2. The sEMG-based hand motion reference generation method according to claim 1, wherein The multi-channel surface electromyography signals are acquired at a wrist of the hand.
3. The sEMG-based hand motion reference generation method according to claim 2, wherein The surface electromyography electrodes are arranged in a ring array along a circumference of the wrist.
4. The sEMG-based hand motion reference generation method according to claim 3, wherein The surface electromyography electrodes are divided into at least four acquisition regions of a dorsal side, a palm side, a radial side, and an ulnar side according to anatomical divisions of the wrist, and each of the acquisition regions corresponds to extensor tendons and flexor tendons covering different anatomical divisions.
5. The sEMG-based hand motion reference generation method according to claim 1, wherein The signal transmission characteristic differences include frequency domain characteristics and / or time-frequency distribution characteristics.
6. The sEMG-based hand motion reference generation method according to claim 1, wherein Before the signal separation on the processed multi-channel surface electromyography signals, the method further comprises: calculating at least one of a signal-to-noise ratio parameter, a signal amplitude stability parameter, and a saturation state parameter for each of the multi-channel surface electromyography signals corresponding to the surface electromyography electrodes; and performing channel screening processing and / or channel weighting processing on the multi-channel surface electromyography signals based on at least one of the signal-to-noise ratio parameter, the signal amplitude stability parameter, and the saturation state parameter.

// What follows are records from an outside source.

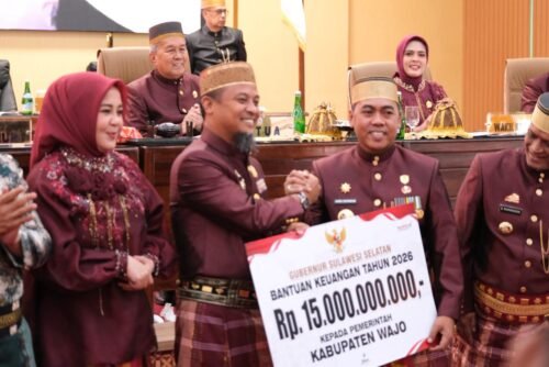 MEDIABAHANA.COM, WAJO – Gubernur Sulawesi Selatan Andi Sudirman Sulaiman memberi bantuan keuangan Rp15 Miliar kepada Pemerintah Kabupaten (Pemkab) Wajo dalam peringatan Hari Jadi Wajo (HJW) Ke-627 di Ruang Pola Kantor Bupati Wajo, Kamis (9/4/2026)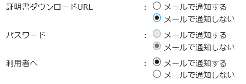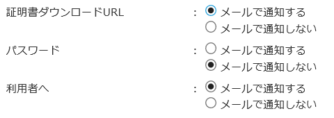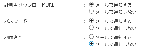 ※「証明書ダウンロードURL」「パスワード」の設定は管理者への通知に関しても適用されます。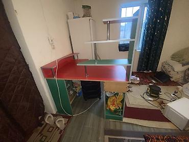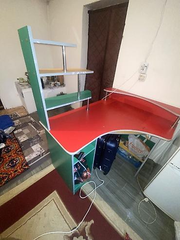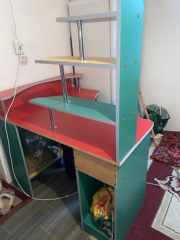 - Цветовое оформление: красная столешница, зелёные боковины, полки светлых тонов с серой окантовкой — яркий акцент для детской, кабинета или рабочего уголка.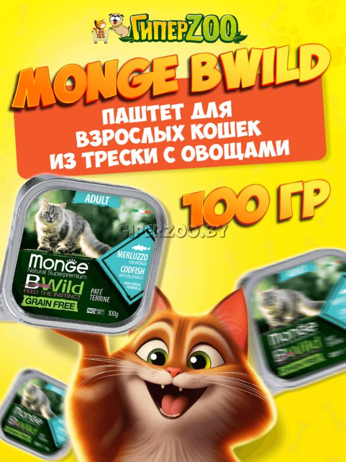 Monge Cat BWild Adult (паштет, треска с овощами), 100 гр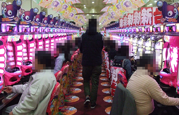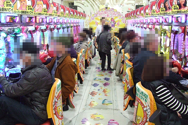 2円パチンコや1円パチンコも大勢のプレイヤーでにぎわっていた。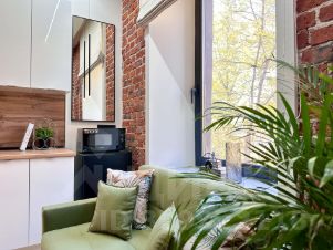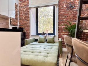 Предлагаем Вашему вниманию студию после ремонта в новом комплексе. Выполнен качественный дизайнерский ремонт, грамотная планировка. Полностью меблирован и укомплектован техникой. Качественное покрытие на полу- кварц винил, стены покрашены английской водостойкой краской, дизайнерская кладка кирпича. Два уровне, на первом уровне зона гостиной, кухни, на втором оборудована зона отдыха для сна. Комплекс сам новый, только закончили ремонт, территория дома огорожена и охраняема, есть собственная парковка.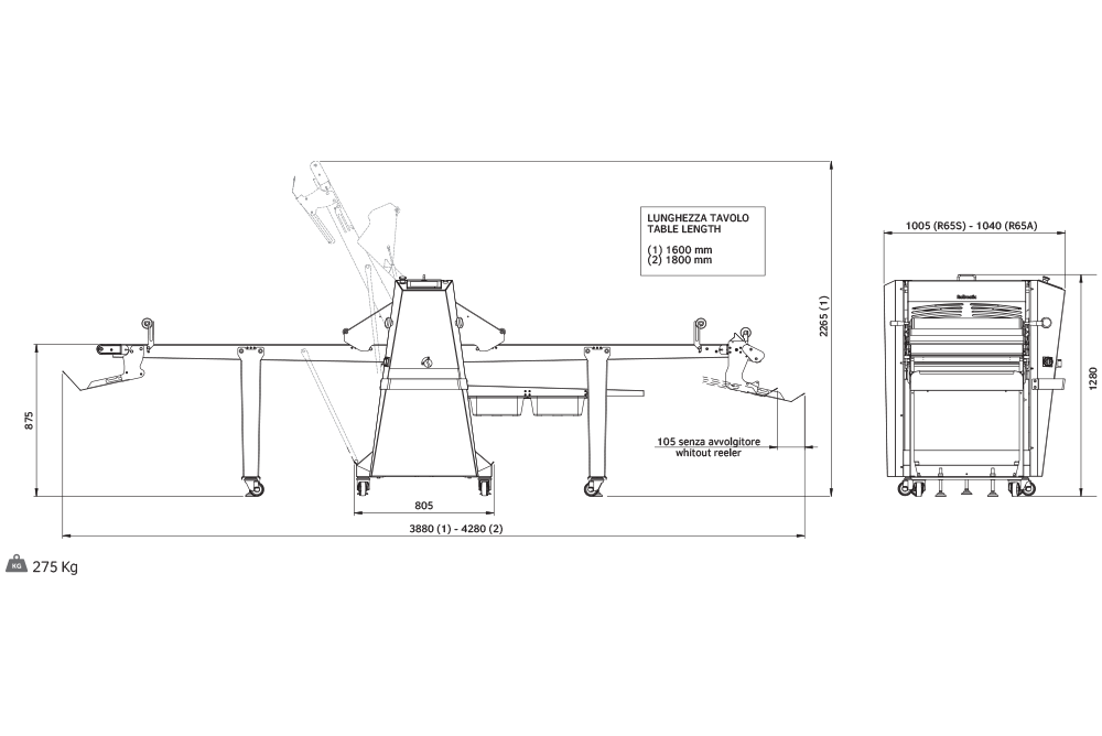 Напольная полуавтоматическая тестораскаточная машина Rollmatic R65S/18 используется в пекарнях, кондитерских, на других предприятиях пищевой промышленности, общественного питания и торговли для механизации раскатки теста с получением равномерно раскатанного пласта необходимой толщины, а также производства слоеного теста. Модель оснащена 2 съемными столами с ленточным конвейером, раскаточными валками, 2 защитными решетчатыми крышками и электромеханическим управлением. Корпус выполнен из стали с антикоррозийным покрытием, ящик для муки и крышки валков – из нержавеющей стали.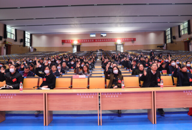 大会的主题是:高举习近平新时代中国特色社会主义思想伟大旗帜,深入贯彻党的十九大,十九届二中、三中、四中、五中全会和全国教育大会精神,坚持社会主义办学方向,加强党的全面领导,团结动员全校党员干部和师生员工,牢记立德树人初心,不忘为党育人、为国育才使命,大力推进学校高质量发展,主动服务湖南“三高四新”战略,为加快建设财经特色鲜明的一流应用型大学而努力奋斗!

7. The sEMG-based hand motion reference generation method according to claim 1, wherein The method further comprises: synchronizing and aligning the reference data of the hand movement with a hand movement recognition or reconstruction result on a time axis; and performing difference calculation or deviation statistical processing on movement parameters or spatial pose parameters at corresponding time points.
8. A surface myoelectric-based hand motion reference generation system, comprising: The method comprises: a surface electromyography acquisition module comprising a plurality of surface electromyography electrodes, the plurality of surface electromyography electrodes being configured to acquire multi-channel surface electromyography signals at predetermined positions of a hand; a signal processing module configured to process the multi-channel surface electromyography signals based on a setting relationship of the surface electromyography electrodes relative to tendon distribution at the predetermined positions of the hand; a signal separation module configured to perform signal separation on the processed multi-channel surface electromyography signals based on signal transmission characteristic differences of different hand tendons to the surface electromyography electrodes to obtain electromyography signal components driven by different hand tendons; and a reference data generation module configured to generate reference data of a hand movement based on the electromyography signal components. 9.A computer device, comprising a processor and a memory, wherein the memory stores a computer program, and the computer device is configured to execute the computer program to perform the method according to any one of claims 1-8. The processor executes the computer program to implement the surface electromyography-based hand movement reference generation method in any one of claims 1 to 7.
10. A computer-readable storage medium having stored thereon computer- executable instructions, wherein, The computer executable instructions are executed by the processor to implement the surface electromyography-based hand movement reference generation method in any one of claims 1 to 7.